The Court of Appeal summarised the legal approach arising from SAAMCO and in light of the clarification from Hughes-Holland v BPE Solicitors [2017] 2 WLR 1029 as follows:

“(1) It is first necessary to consider whether it is an “advice” case or an “information” case. This is a necessary first step because the scope of the duty, and therefore the measure of liability, is different in the two cases.

(2) It will be an “advice” case if it can be shown that it has been “left to the adviser to consider what matters should be taken into account in deciding whether to enter into the transaction”, that “his duty is to consider all relevant matters and not only specific matters in the decision” and that he is “responsible for guiding the whole decision making process”.

(3) If it is an “advice” case, then the negligent adviser will have assumed responsibility for the decision to enter the transaction and will be responsible for all the foreseeable financial consequences of entering into the transaction.

(4) If it is not an “advice” case, then it is an “information” case and responsibility will not have been assumed for the decision to enter the transaction.

(5) If it is an “information” case, the negligent adviser/information provider will only be responsible for the foreseeable financial consequences of the advice and/or information being wrong.

(6) This involves a consideration of what losses would have been suffered if the advice and/or information had been correct. It is only losses which would not have been suffered in such circumstances that are recoverable.”

The Court of Appeal found that the case was an information case. Grant Thornton had given advice that Hedge Accounting was an option for the Building Society. This advice was wrong. However, the swaps which the Building Society entered into were entered into partly because of advice over Hedge Accounting and partly for other commercial reasons. Grant Thornton had not been responsible for the whole decision making process. Their liability therefore extended only to the loss which would not have been suffered had the advice been correct.

In reaching their decision the Court of Appeal rejected the assumption of responsibility analysis applied by the Judge below.

In AssetCo, the court considered the extent of the auditors’ duties in circumstances where the affairs of the company were being managed fraudulently. The relevant statutory provisions (ss393(2), 495 and 498(1)) do not require auditors to detect or investigate fraud however, the auditor must apply professional scepticism to accounts in seeking to identify any misstatements, and to report suspected fraud [para 65].

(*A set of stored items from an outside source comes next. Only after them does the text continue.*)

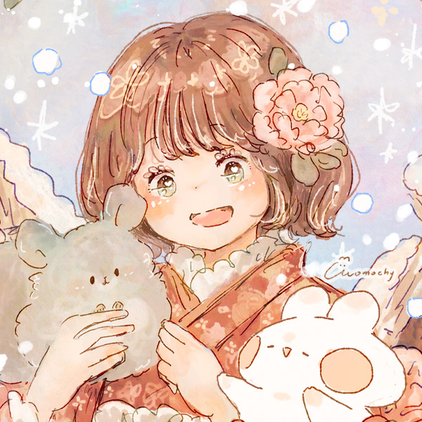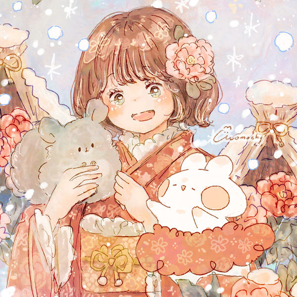 冬牡丹とチンチラと女の子を描いたイラストのフリーアイコンです。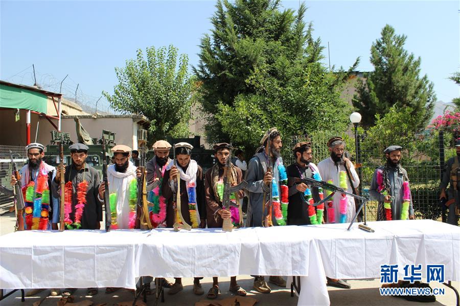 8月22日,在阿富汗东部库纳尔省首府阿萨达巴德市,前伊斯兰国武装分子参加投降仪式。 阿富汗政府官员22日说,13名伊斯兰国武装分子在阿东部库纳尔省向政府军投降。 新华社发(埃姆兰·瓦克 摄)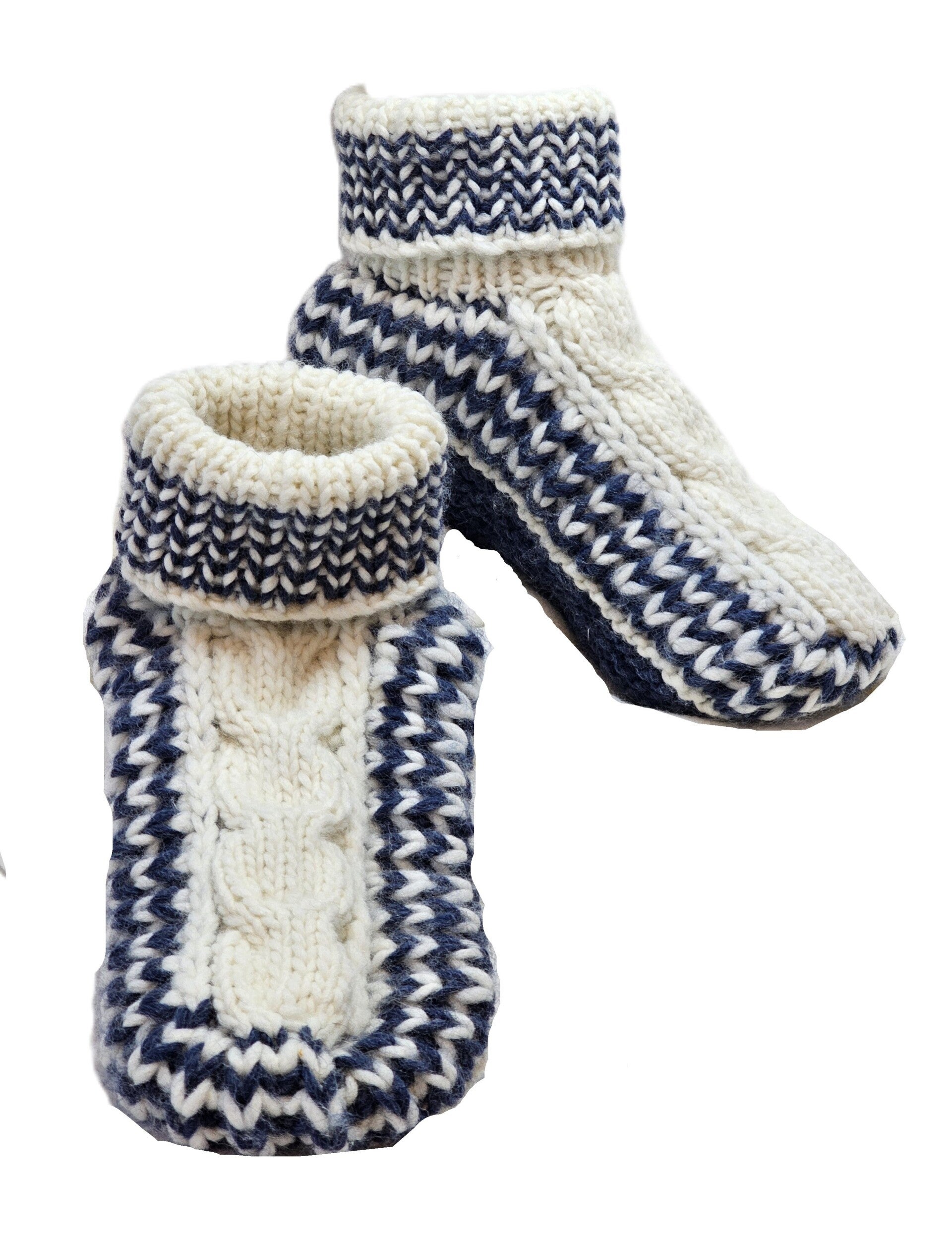 Die abgebildeten Kuschelsocken sind aus weißem Garn gestrickt und haben ein auffälliges Zopfmuster auf der Oberseite. Der Rand der Socken ist mit einem zweifarbigen Muster in Jeansblau und Weiß versehen, das sich auch entlang der Sohle fortsetzt. Die Socken wirken sehr warm und gemütlich, ideal für kalte Wintertage.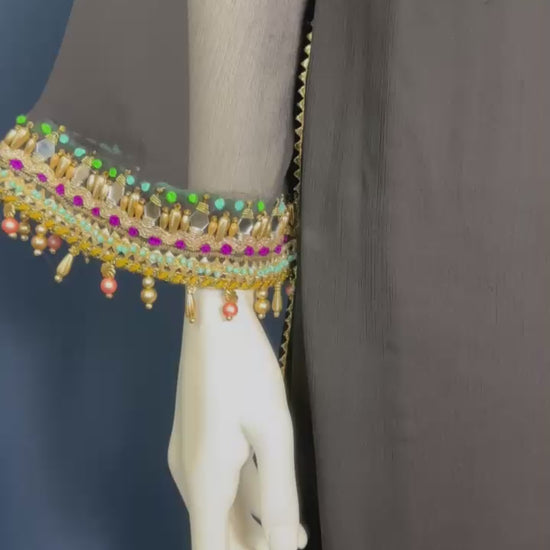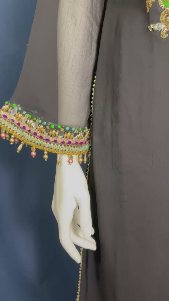 Stand out in Sahar Black by Khuda Baksh, a luxurious black outfit with colorful embroidery, shimmering gold highlights, and a sheer golden dupatta. Perfect for weddings and evening occasions.

The judge described the admitted failures of Grant Thornton as a “catalogue of failures over two audit years that were of the utmost gravity and that went to the very heart of an auditor’s duties” [para 1115]. Grant Thornton’s errors allowed AssetCo to continue trading in a fundamentally dishonest manner in reliance on the negligent audit [para 962]. After an extensive consideration of the case law on causation [913-966] the judge rejected the argument that the trading losses sustained were outside the scope of an auditor’s duties. He found that had the auditors acted in a non-negligent manner then they would have uncovered the wrongdoing of the management and therefore the business would have taken actions which would not have led to the trading losses claimed. A deduction for contributory fault was however, appropriate.

It is impossible in a note of this nature to do justice to the full judgment in the case nor the multitude of arguments considered in defence.

In both these cases the negligence was admitted and the argument was all about the extent of the losses attributable to the negligence.  They repay close study for anyone defending professional negligence allegations or indeed bringing them.  It is always important to pay attention to the value of a claim and arguments such as those rehearsed in these cases need careful consideration.